This is the official github for "From Imitation to Interactive Exploration: A Multi-Stage Reinforcement Learning Framework for Tool-Augmented SQL Agents"
BIRD-RL is an open-source framework for advancing autonomous SQL generation and debugging via agentic reinforcement learning.

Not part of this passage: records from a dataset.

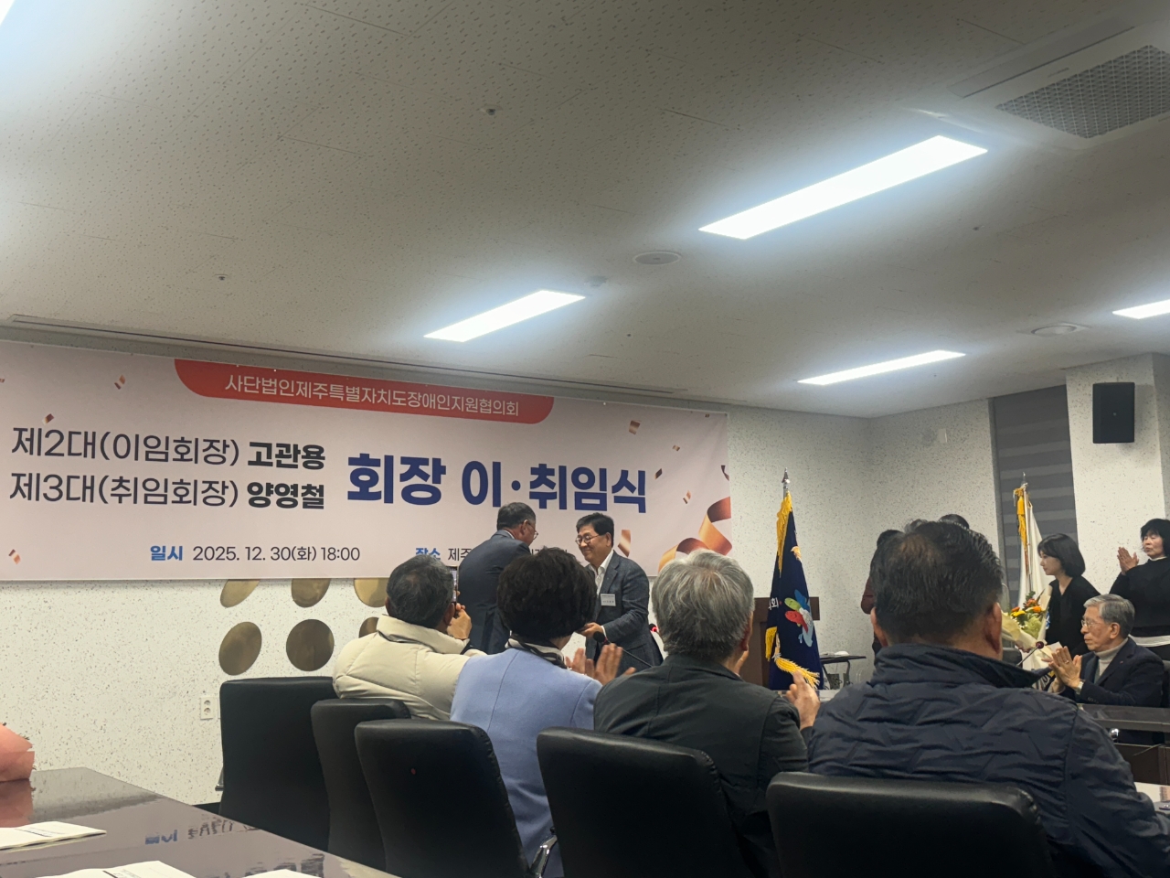 (사)제주특별자치도장애인지원협의회는 30일 제주바다만찬 씨갤러리에서 제2대 고관용 회장과 제3대 양영철 회장의 이·취임식을 개최했다.양영철 신임 회장 "13년의 발자취, 책임으로 잇겠다"
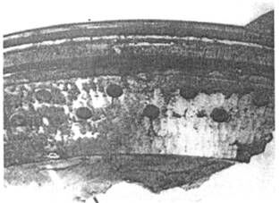 Рис. 2.14. Трещины коррозии под напряжением в отверстиях под заклепки вильчатого хвостового соединения
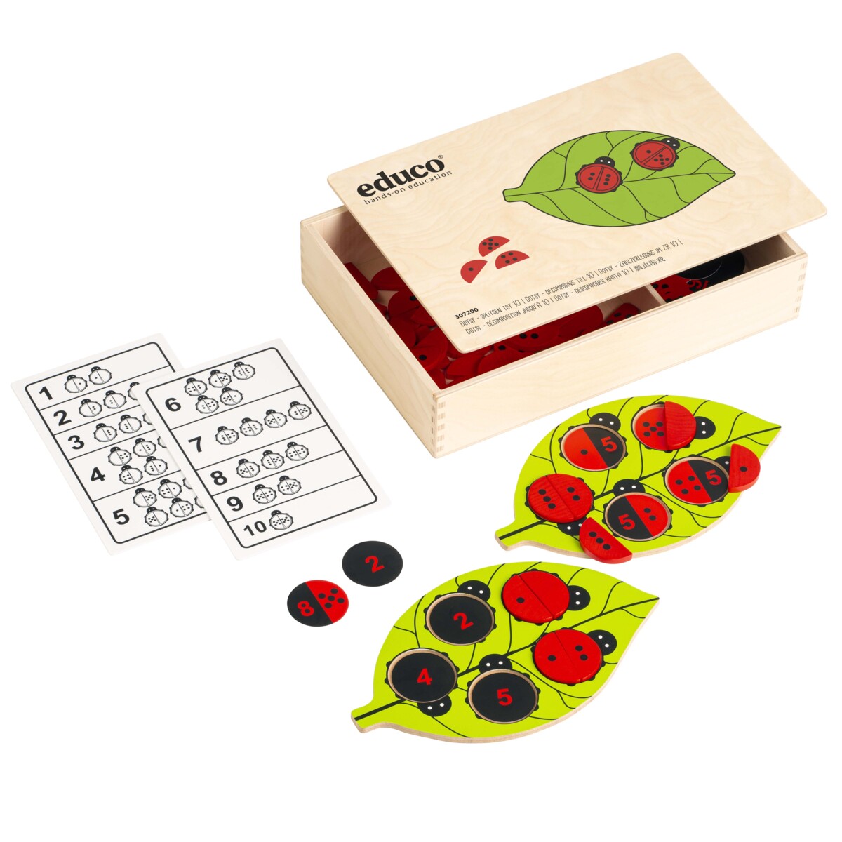 2 lövformer i trä, 48 cirkulära uppgiftskort med prickar och/eller siffror, 62 "vingar", 2 facitkort. Skapa nyckelpigor genom att kombinera 2 vingar med prickar. Upptäck olika sätt att kombinera ihop tal från 1 till 10. Med materialet tränas addition av tal upp till 10, tiokompisar och även förståelse för uppdelning av tal. Självrättande genom facitkortet där alla kombinationer upp till 10 finns angivna. Manual på engelska ingår. Mått trälåda: 33×32,5×7 cm. Från 4 år.
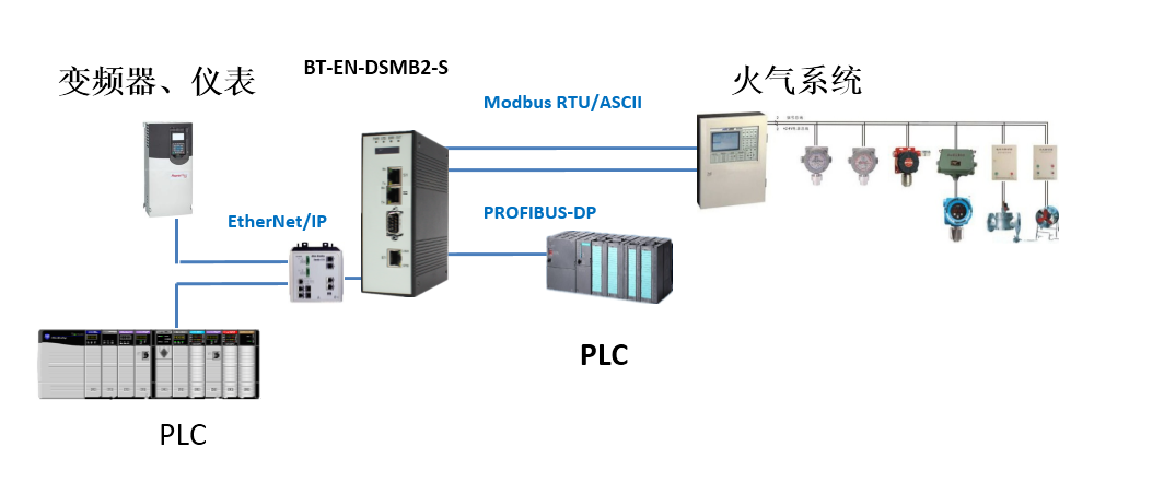 网关提供一个EtherNet/IP以太网端口,2个Modbus串行端口,以及一个Profibus-DP端口分别和PLC或者其他以太网设备(HMI、变频器、操作员站等),Modbus主从站设备,以及Profibus-DP主站进行通信。

It introduces a novel four-stage curriculum training paradigm (Reasoning Imitation → Tool-Use Imitation → Reasoning Reinforcement → Interactive Agentic Reinforcement) to decouple grounded reasoning from tool interaction and progressively develop these capabilities.
To enable efficient and stable training, BIRD-RL incorporates trajectory-scoped persistent database sessions, featuring stateful agent loops, thread-safe connection pooling with worker partitioning, and cross-tool state management. This design is specifically tailored to support high-concurrency, stateful database interactions.
As a result, BIRD-RL achieves stable policy learning in large search spaces and produces models that demonstrate strong performance on complex, real-world SQL tasks.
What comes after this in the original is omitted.